April 17, 2009

It's Vegas, Baby, And Your Nose Knows

I've spent the last few days at a business meeting in my least favorite place on Earth -- Las Vegas. Some observations:
  • Those who think advertising is dead should come here and see the future. Every square inch is covered in promotional material.
  • The average tourist in Las Vegas is a 60-year-old woman, 30 pounds overweight, wearing a tank top.
  • Las Vegas has a bad version of every good restaurant in America.

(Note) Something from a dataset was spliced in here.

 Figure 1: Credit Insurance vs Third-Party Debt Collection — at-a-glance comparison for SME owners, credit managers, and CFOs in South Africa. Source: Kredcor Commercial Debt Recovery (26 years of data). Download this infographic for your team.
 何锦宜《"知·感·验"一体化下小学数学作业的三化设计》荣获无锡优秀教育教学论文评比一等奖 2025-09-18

  • There are two types of gambling. The first type is real gambling which is fair, unfixed, and gives you as good a chance to win as anyone -- like a game of poker. The second type is not really gambling at all -- it is fixed, unfair, and you have little to no chance of winning. Casino gambling is the second kind. The phenomenon I find fascinating is that all the rubes who come to piss their money away prefer to do it in the most extravagant environments, as if they're getting more value if they're throwing away their salary beneath a faux crystal chandelier.

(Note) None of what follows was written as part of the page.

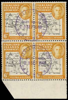 1946 'Thick Map' 6d black and ochre, the scarce shade, lower marginal block of 4 from vignette plate '2', the lower right stamp variety 'SOUTH POKE' (R6/8), centrally cancelled by two very fine strikes of type SG6 'South Georgia' cds, dated '20 SEP 1946'. Attractive and very rare in this form and condition, and the first used example of the variety we can recall handling. Ex Ivor Little.

  • In Las Vegas there is no white space.
  • Nobody not looking for a tip is smiling.
  • Only in Las Vegas: a drunken dwarf walking arm-in-arm with two hookers.
  • Unlike 99% of marketers, the hotels and casinos here understand their heavy users. I'm staying at a large hotel and every elevator you step into is playing baby boomer hits. Contrast that with the clueless NBA that markets to their players. The average season ticket holder is a 50-year-old fat-ass white guy and the NBA blasts hip hop music all night.
  • What happens in Arkansas stays in Las Vegas.
  • No matter how much glitz and cheesy opulence they try to build in, your nose tells you the truth. Every hotel and every casino has the cigaret-induced smell of a low dive in Brooklyn.